| Aim of the exercise |
The listing is to be printed word for word, pictures omitted.

________________________________________

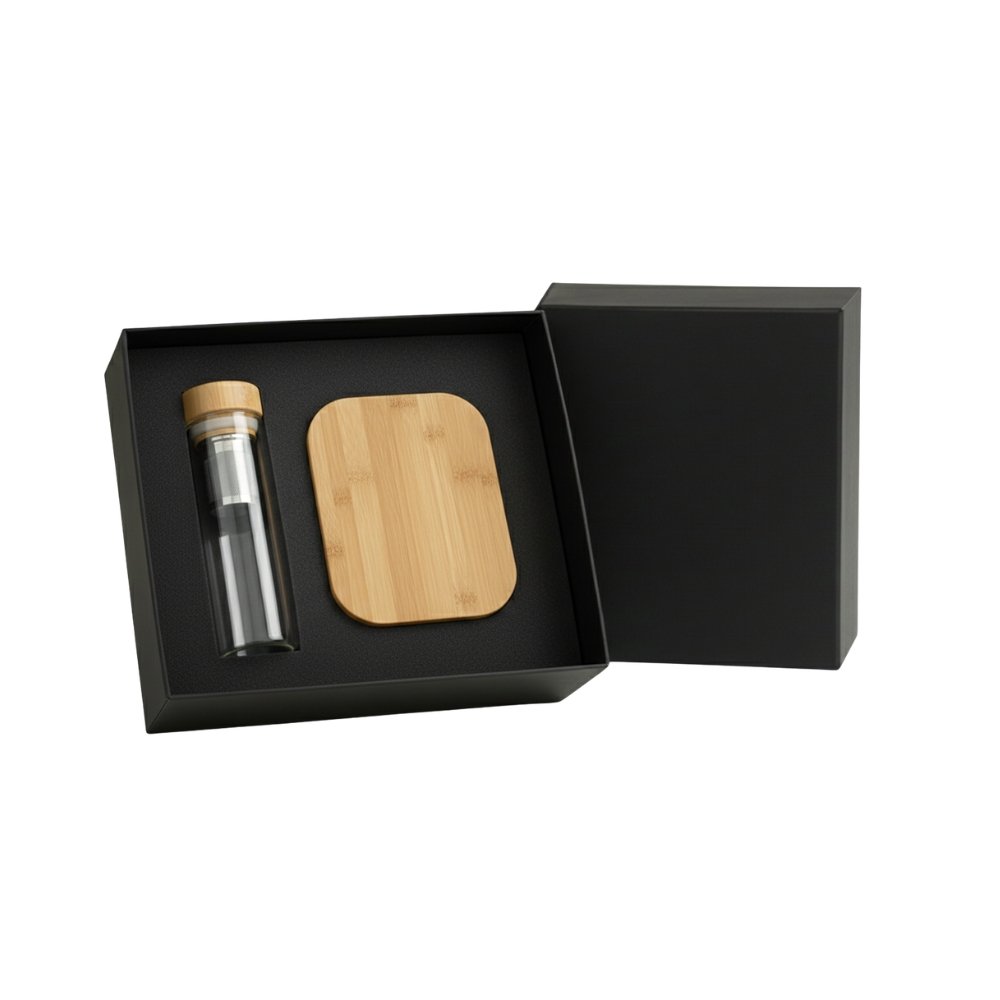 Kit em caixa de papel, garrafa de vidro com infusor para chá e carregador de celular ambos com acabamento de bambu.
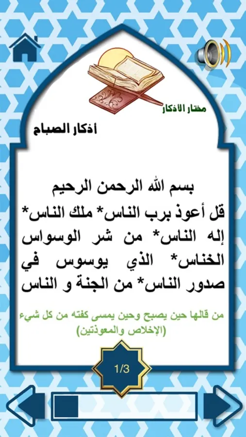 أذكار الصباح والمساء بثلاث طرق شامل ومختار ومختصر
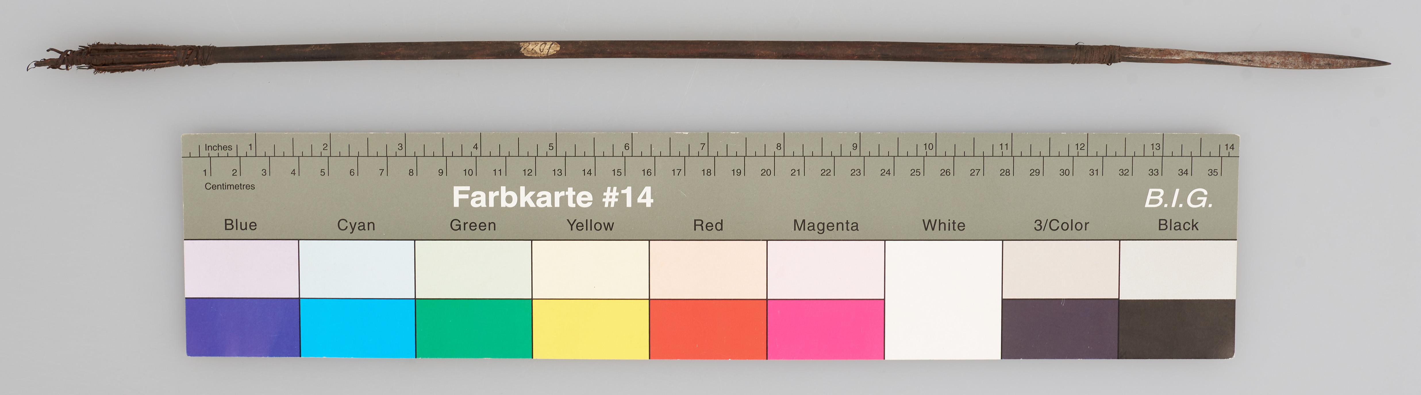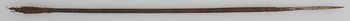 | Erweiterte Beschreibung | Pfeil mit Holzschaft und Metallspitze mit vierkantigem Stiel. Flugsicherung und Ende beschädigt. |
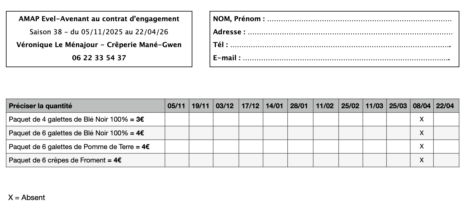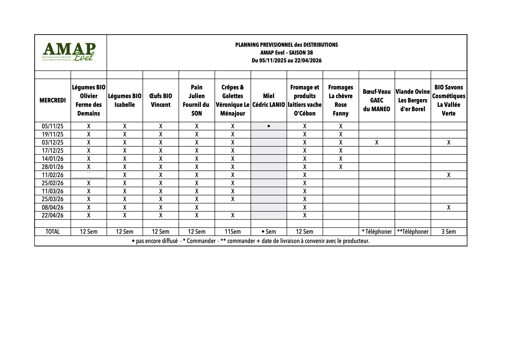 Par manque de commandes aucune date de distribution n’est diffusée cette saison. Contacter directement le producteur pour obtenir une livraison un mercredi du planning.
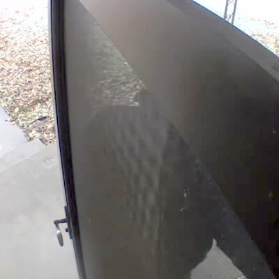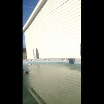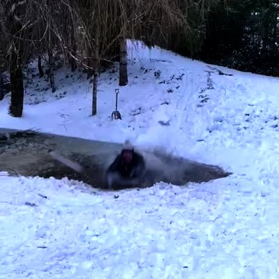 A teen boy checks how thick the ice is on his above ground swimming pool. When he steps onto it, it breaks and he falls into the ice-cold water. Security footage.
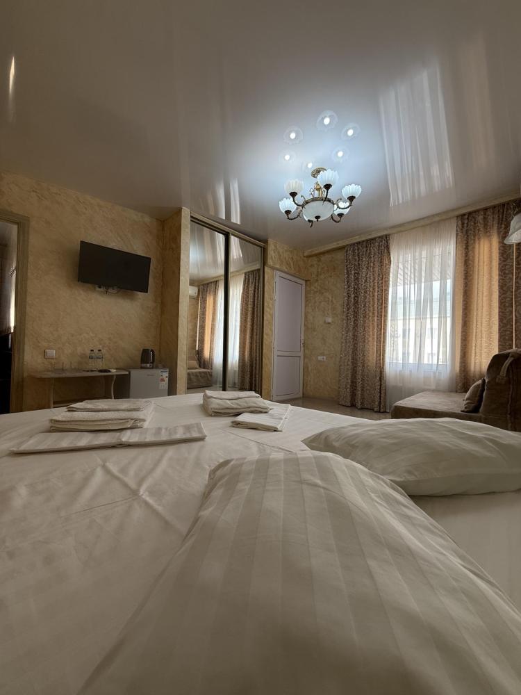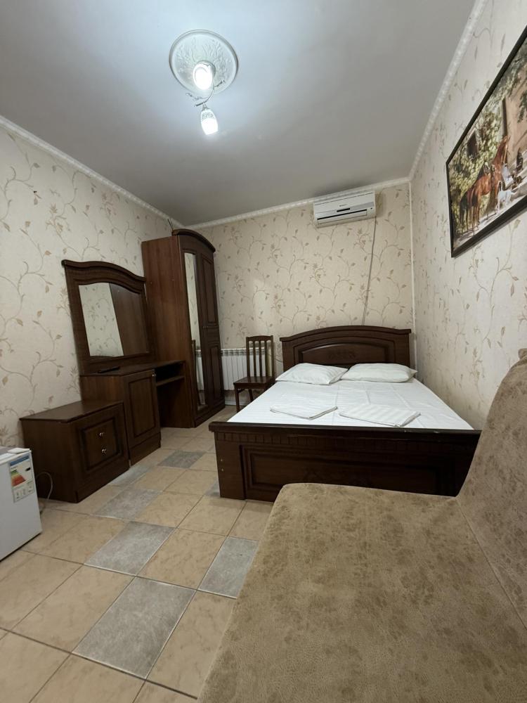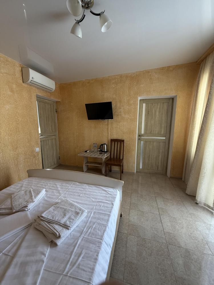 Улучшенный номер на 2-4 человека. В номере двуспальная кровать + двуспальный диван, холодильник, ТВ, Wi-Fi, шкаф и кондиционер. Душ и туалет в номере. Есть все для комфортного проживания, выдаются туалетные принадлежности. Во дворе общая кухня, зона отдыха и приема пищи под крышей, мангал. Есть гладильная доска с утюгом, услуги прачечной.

________________________________________

| Reply to the exercise |
 Kit em caixa de papel, garrafa de vidro com infusor para chá e carregador de celular ambos com acabamento de bambu.
 أذكار الصباح والمساء بثلاث طرق شامل ومختار ومختصر
 | Erweiterte Beschreibung | Pfeil mit Holzschaft und Metallspitze mit vierkantigem Stiel. Flugsicherung und Ende beschädigt. |
 Par manque de commandes aucune date de distribution n’est diffusée cette saison. Contacter directement le producteur pour obtenir une livraison un mercredi du planning.
 A teen boy checks how thick the ice is on his above ground swimming pool. When he steps onto it, it breaks and he falls into the ice-cold water. Security footage.
 Улучшенный номер на 2-4 человека. В номере двуспальная кровать + двуспальный диван, холодильник, ТВ, Wi-Fi, шкаф и кондиционер. Душ и туалет в номере. Есть все для комфортного проживания, выдаются туалетные принадлежности. Во дворе общая кухня, зона отдыха и приема пищи под крышей, мангал. Есть гладильная доска с утюгом, услуги прачечной.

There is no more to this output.